3. GRANT OF LICENSE RIGHTS
3.1 Espial hereby grants to Licensee, subject to the terms and conditions
contained herein, including but not limited to the payment of all associated
fees and the terms and conditions specific to the Sublicensed Supplier Software
contained in Exhibit D hereto: (a) a non-exclusive, non-transferable, limited
license which may be subject to further limitations specified in Schedule A to
have employees use the Software Development Kit for the express purpose of
undertaking the Development Project; and (b) a non-exclusive, non-transferable,
royalty-bearing, worldwide, limited license to (i) to integrate the Embedded
Software into the Products; (ii) to reproduce the Embedded Software as
integrated into the Products, and (iii) to distribute the Embedded Software as
integrated into the Products solely to End Users who are subject to an End User
Agreement. 3.2. Licensee agrees that it will conspicuously display the Espial Mark in
the form attached hereto as Exhibit C on each Product in one of the following
formats: (i) silk-screened or affixed as a sticker on the Product on the same
side of the Product as the Product's main screen display; or (ii) as a screen
shot displayed on the Product's screen display during boot.

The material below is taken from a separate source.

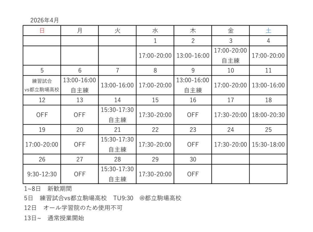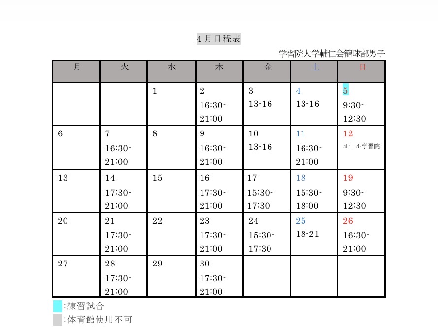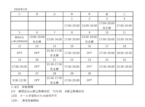 4月の日程表が決定いたしましたので、ご連絡いたします。
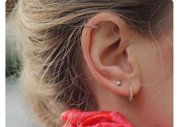 Две серьги в ухе.

In either case, the
minimum dimensions of the Espial Mark as displayed in or on the Product will be
10.1mm wide x 4.2mm high. Licensee may display Page 3 of 15
the Espial Mark in red and black, white or black, as may be reasonably deemed
appropriate in light of the background colors. 3.3. Espial hereby grants to Licensee a nonexclusive, nontransferable limited
license to use, reproduce and display the Espial Mark solely in accordance with
Section 3.1(b) and 3.2 above and in connection with the distribution,
advertising, marketing and promotion of Licensee's Products incorporating the
Embedded Software, provided that appropriate trademark notices are included and
the use conforms to Espial's guidelines regarding the use of trademarks, which
will be provided at Licensee's request. Licensee agrees that Espial is the sole
and exclusive owner of the Espial Mark and all goodwill associated therewith.
Except as expressly provided herein, Licensee is granted no right, title or
license to, or interest in, any Espial Marks. Licensee agrees not to: (i)
challenge Espial's ownership or use of the Espial Marks; (ii) attempt to
register any of the Espial Marks, or any mark or logo substantially similar
thereto; or (iii) incorporate any Espial Mark into Licensee's own trademarks,
product names, services marks, company names, or domain names. 3.4. End User Agreements shall include the following terms and conditions:
3.4.1 Prohibition against distribution and copying. 3.4.2 Prohibition against modifications or derivative works. 3.4.3 Prohibition against decompiling, reverse engineering, disassembling,
or otherwise reducing the software to a human-perceivable form. 3.4.4 Provision indicating ownership of software by Licensee and its
suppliers. 3.4.5 Disclaimer of all applicable statutory warranties, to the full extent
allowed by law. 3.4.6 Limitation of liability not to exceed price of Licensee Product and
provision that sole remedy shall be a right of return and refund, if any, from
Licensee. 3.4.7 Disclaimer of indirect, special, incidental, punitive or
consequential damages.
4. SUPPORT SERVICES
4.1. Support Services are for a one-year term and renew annually. The support fee for each of the first two years of the Term is specified in Exhibit A. Licensee may renew Support Services in subsequent years paying the then applicable Support Fee. Espial shall not be obligated to renew Support Services if Licensee has discontinued Support Services in any year. Annual Support shall renew automatically at the then-current fees and policies unless Licensee notifies Espial at least sixty (60) days prior to the expiration of an annual support term of its desire to cancel Support Services for the following year.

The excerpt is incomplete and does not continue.